Like all plastics, acetal has a higher coefficient of thermal expansion than metal and absorbs a small amount of moisture, both of which cause modest dimensional changes with temperature and humidity. For most parts these changes are negligible and never noticed, but for very tight tolerance components or parts that mate with metal across a range of operating temperatures, the difference in expansion between the plastic and the metal must be accounted for in the design, or a fit that is correct at room temperature can bind or loosen in service. Acetal can also retain internal stresses from how the stock was made and from machining, so a part machined to size can relax and drift slightly afterward. For precision work, a knowledgeable shop addresses this by rough machining, allowing the material to relax, then taking finish cuts, which produces a more dimensionally stable part. When sourcing tight-tolerance acetal parts, confirm the shop understands plastic dimensional behavior and accounts for thermal expansion and stress relaxation, because a shop that machines acetal like metal may deliver parts that are in tolerance on the bench but out of tolerance once they reach operating temperature or relax over time.

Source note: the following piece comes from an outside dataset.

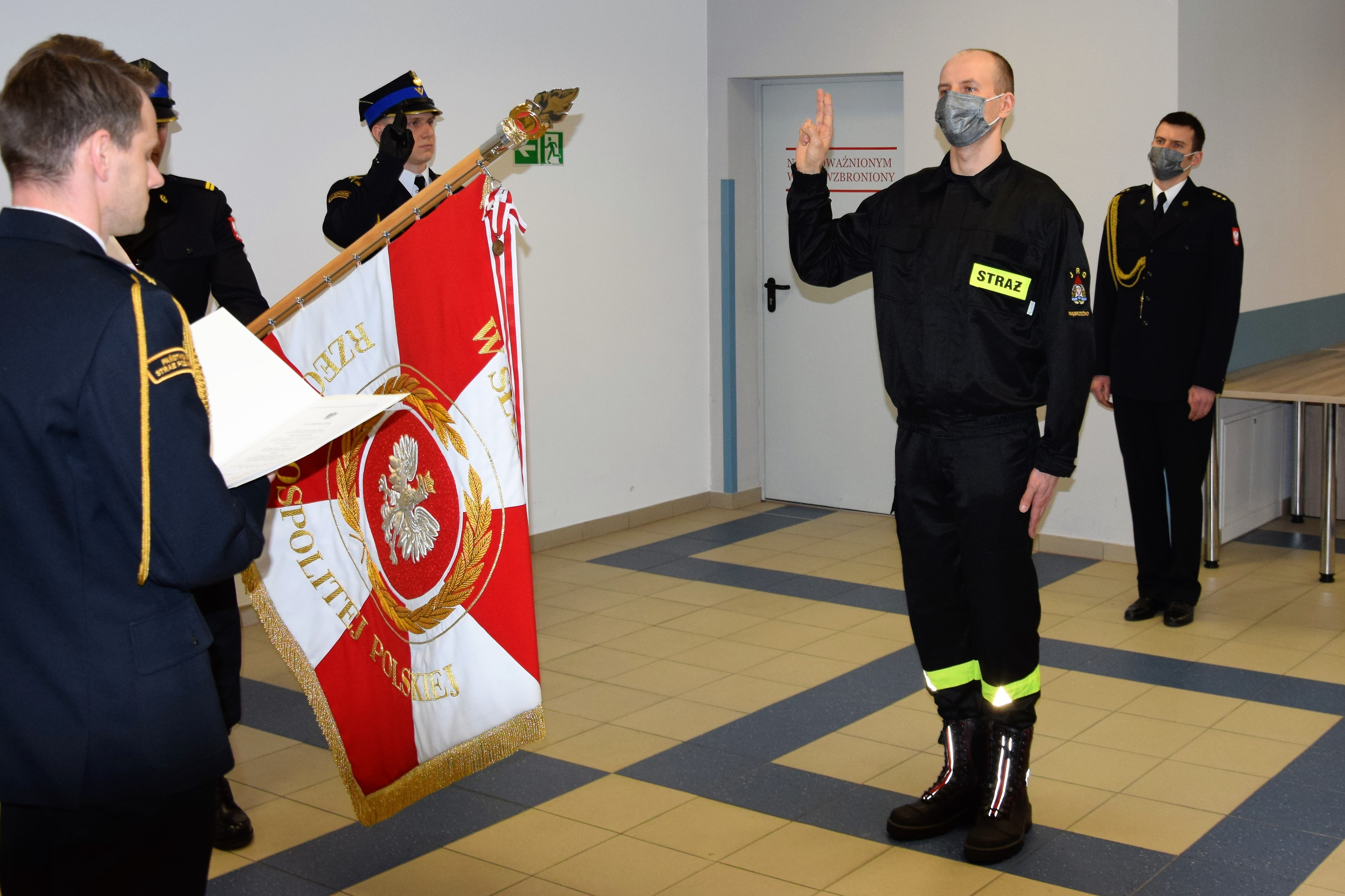 Zgodnie z ustawą z dnia 24 sierpnia 1991 roku o Państwowej Straży Pożarnej, każdy strażak przed przystąpieniem do służby zobowiązany jest do złożenia ślubowania. Jest to uroczysta, podniosła chwila w życiu strażaka stanowiąca symbol pełnego włączenia w szeregi Państwowej Straży Pożarnej.

For general industrial acetal parts, verification is straightforward but still worthwhile. Require a material certificate confirming the grade and whether the material is homopolymer or copolymer, since the two forms differ in ways that matter for loaded, sealing, or chemically exposed parts, and a substitution can change performance. For precision parts, request a dimensional inspection report confirming the critical tolerances were met, since fit is central to acetal's typical gear and bushing roles. For regulated applications the verification tightens: food-contact parts require a grade compliant with the applicable food-contact regulations, and medical parts under ISO 13485 require an appropriate certified medical grade with the supporting documentation, because standard industrial acetal may not be approved for those uses. Confirm the certified grade and compliance documentation rather than assuming standard acetal qualifies. The overall documentation burden is lighter than for high-performance polymers or metals, but confirming the grade, the homopolymer-versus-copolymer form, the dimensions, and any regulatory compliance protects against the wrong material being substituted and against a regulated part failing a compliance check after it is made.